I was able to grow a lotta stuff in just a couple of garden beds on my roof. Sure, my back probably hates me for carrying all that dirt up two flights of stairs. But I have herbs and veggies aplenty. Haven't even covered 20% of the roof yet.

[–] rekabis@lemmy.ca 3 points 1 hour ago

The problems will definitely be showing up next year. In order for there to be enough fertilizer produced by this fall time (for crops produced in the southern hemisphere) as well as next year (for the northern hemisphere), the Strait of Hormuz would have needed to have reached 100% per-war traffic by July 1st.

It has barely reached 33%.

This means that supplies for fertilizer manufacturing is now months behind schedule, and fertilizer supply for farmers is going to be hellishly expensive through next year. Many farmers may have to try to grow their crops without any fertilizer, leading to potentially severe food shortages worldwide-wide.

The time to have learned how to grow your own food - to ramp up experience over many years - was a decade ago. My wife and I started in the mid 2010s, and are only now hitting our stride with about 230m² (≈2,500ft²) of our yard under direct cultivation, and plans to rehabilitate the other 140m² (≈1,500ft²) into equally quality soil via several metric tonnes of horse manure and soil sifting to remove the copious rocks and boulders.

It takes a shitton of work to build up a good garden that requires minimal work to start up every spring. But with that original section, we just have to drop seeds directly into the soil and add straw (Ruth Stout method) once the seedlings are up to suppress weeds and hold in moisture.
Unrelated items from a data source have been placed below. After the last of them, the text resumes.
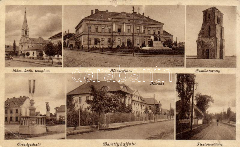 Beschreibung: Berettyóújfalu, Római katolikus templom, községháza, Csonkatorony, országzászló, kórház, Tisztviselőtelep (EB)
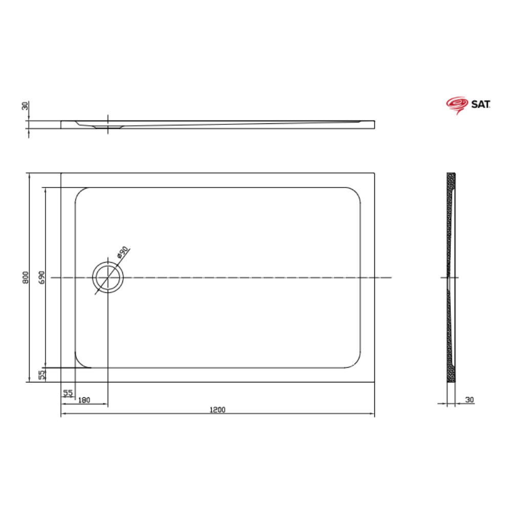 Project by Siko Receveur de douche rectangulaire 120x80 cm marbre coulé, blanc (SATSVPRO12080) :
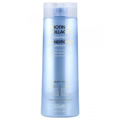 Odżywka do włosów marki Giovanni wzmacnia cebulki i nawilża włosy, otulając każde pasmo. Kolagen i biotyna działają razem, aby aktywować mieszki włosowe, nadać włosom niezwykłą strukturę i siłę oraz stymulować wzrost nowych włosów.
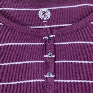 Waffle knit plum and white striped 3/4 button top great for layering fits more like a size small
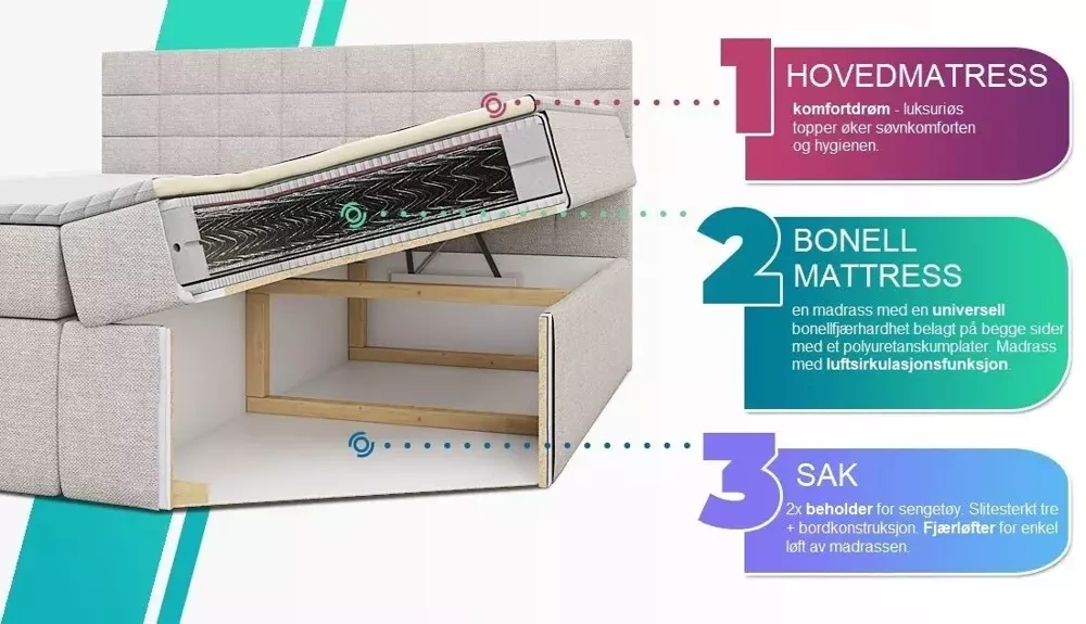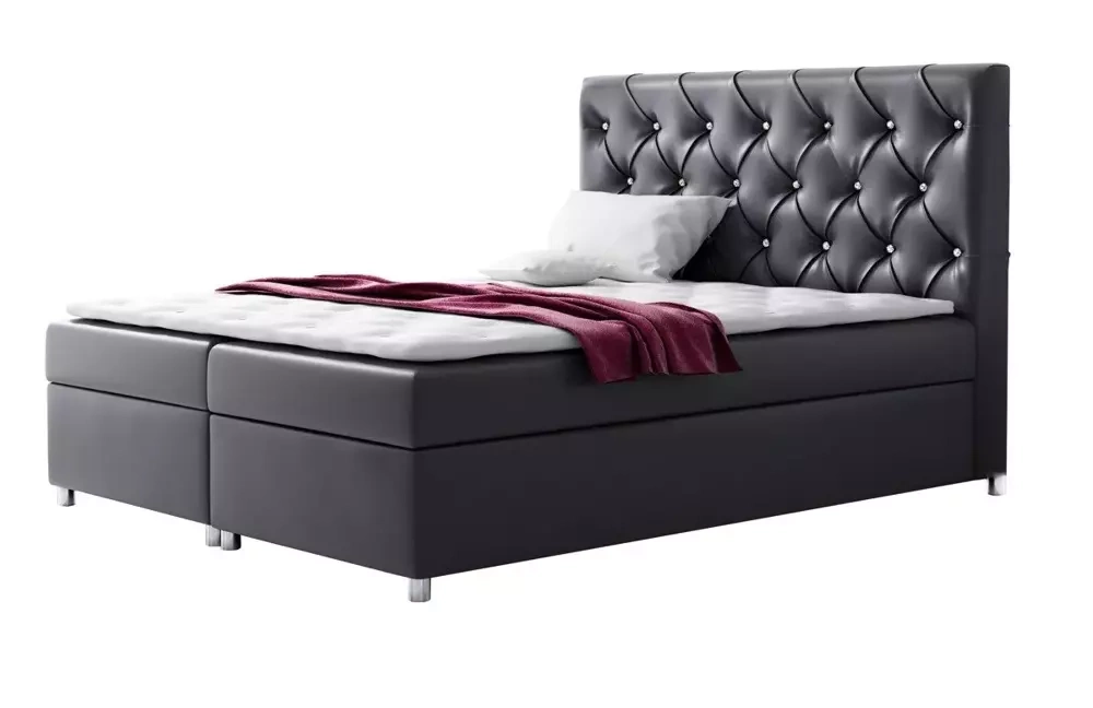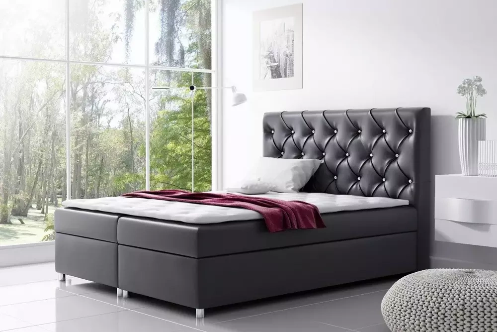 Rom er en stilfuld sort kontinentalseng. Det var lavet af materialer af høj kvalitet, der garanterer dig en sund og behagelig søvn.

The spring prep work for just that section has dropped by almost 80% over the last five years.

[–] neomachino@lemmy.dbzer0.com 9 points 4 hours ago (1 children)

I call myself an aspiring farmer. I've been at it for about 12 years. I've learned a lot, I've lost a lot, for most of that I didn't have much land and had to get creative. Now we're in a decent spot with some good land and soil, I grow most of the fruits and vegetables that we eat, probably 70-80%, and raise quail for the eggs which we have a wild surplus of.
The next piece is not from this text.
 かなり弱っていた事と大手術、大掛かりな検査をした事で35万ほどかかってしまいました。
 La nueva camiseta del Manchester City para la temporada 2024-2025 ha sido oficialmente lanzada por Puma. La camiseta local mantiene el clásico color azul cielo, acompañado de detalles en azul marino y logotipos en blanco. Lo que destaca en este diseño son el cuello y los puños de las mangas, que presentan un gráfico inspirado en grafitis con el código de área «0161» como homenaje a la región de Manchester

It's a fucking fuckton of work and still I think if SHTF we would struggle big time. Most of what we do is pretty self sufficient, but we still rely on the grocery store for so many ingredients and products. I don't have enough space to grow enough wheat to mill into flour to make bread, nor do I really want to. Also all it would really take is our water supply to be cut and we'd be done for.

I do think it's a good skill to have though. And if I had the money fuck off I'd quit my day job in a heartbeat and buy more land to farm.
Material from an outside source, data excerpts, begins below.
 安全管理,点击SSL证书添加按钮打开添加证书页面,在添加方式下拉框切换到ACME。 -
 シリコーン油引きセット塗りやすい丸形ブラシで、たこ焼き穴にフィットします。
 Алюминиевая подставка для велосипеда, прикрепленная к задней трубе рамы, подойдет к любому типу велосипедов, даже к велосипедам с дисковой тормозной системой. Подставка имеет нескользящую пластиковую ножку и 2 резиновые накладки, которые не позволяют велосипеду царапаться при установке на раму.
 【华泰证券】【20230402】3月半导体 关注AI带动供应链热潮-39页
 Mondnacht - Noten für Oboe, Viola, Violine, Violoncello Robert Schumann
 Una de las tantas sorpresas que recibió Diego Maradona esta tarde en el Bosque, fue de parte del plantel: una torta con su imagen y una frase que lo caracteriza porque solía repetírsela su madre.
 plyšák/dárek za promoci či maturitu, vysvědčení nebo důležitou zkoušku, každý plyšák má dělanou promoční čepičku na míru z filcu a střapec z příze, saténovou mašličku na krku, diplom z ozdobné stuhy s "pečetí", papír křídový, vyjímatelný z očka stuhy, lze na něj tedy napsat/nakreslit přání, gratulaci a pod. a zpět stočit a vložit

[–] eletes@sh.itjust.works 5 points 4 hours ago (2 children)

I think that last part is key, it's a good skill to have. It's easy to think it'll be everyone on their own when the apocalypse happens, but people generally want to work together if it means better chances of survival.

It's hard to imagine there wouldn't be tribes of people popping up across the wasteland

[–] mojofrododojo@lemmy.world 1 points 28 minutes ago

no one is going to make it on their own. community effort is the only way survival is gonna happen.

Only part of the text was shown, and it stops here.